Interpreting the comparison
The second page of the tool presents some summary data, a scatter plot
of the data, and the regression calculation indicating concordance
between the two arrays.
The plot
All data are log-transformed, as noted above. Features that passed
the filters in both arrays are shown in blue, while those that failed
are shown in red. Features with no data in either array are omitted
from the plot.
The regression calculation
A linear regression is calculated for all data that pass the filters
in both arrays.

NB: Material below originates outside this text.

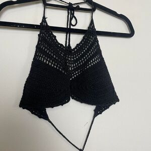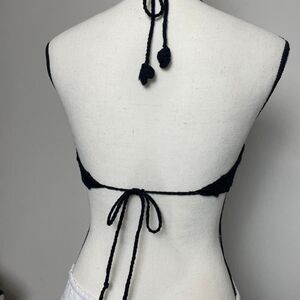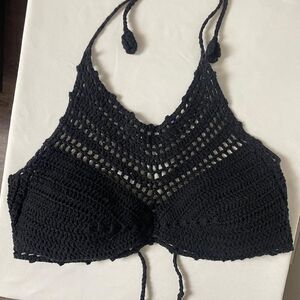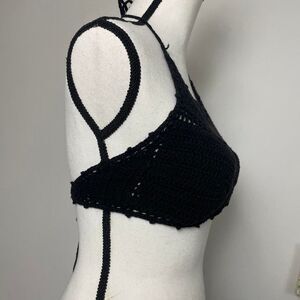 The Bikini Lab Black Crochet High Neck Halter Top Bikini Top Size Medium
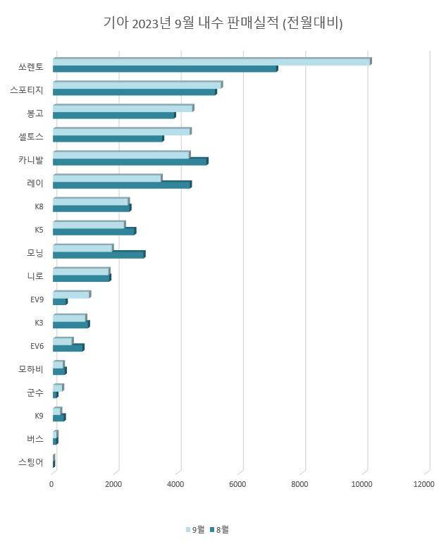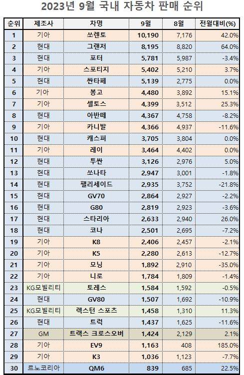 9월 국내 판매 1위는 쏘렌토(10,190대)가 차지했다. 뒤를 이어 그랜저, 포터, 스포티지, 싼타페가 판매되었으며 풀모델체인지된 싼타페는 출시 이후 기존 모델보다 2배 가까이 판매가 증가했다. 기아 EV9은 1,163대가 판매되며 전기차로는 유일하게 30위권 안에 위치했다.

In principle, the regression line for replicate
experiments should have a slope of 1 and an intercept of 0; the y=x
line is plotted (dashed) as a reference. (Reverse replicates should
have a slope of -1 for log-ratio data, but choosing the "reverse
replicate" option will invert the values for the second array, making
this ideal slope 1 for easier comparison.) In addition to the slope
and intercept, the regression correlation (R
2)
indicates the overall strength of the correlation: 1 is perfect
correlation, 0 is no correlation. High quality replicates should have
an R
2 greater than 0.5.
The regression calculation is fit by the method of least squares,
making it vulnerable to outlier values. Visual inspection of the plot
may reveal that the overall correlation is better than the best-fit
line suggests, especially if you concentrate on the apparently
responsive features (those with a high or low log-ratio).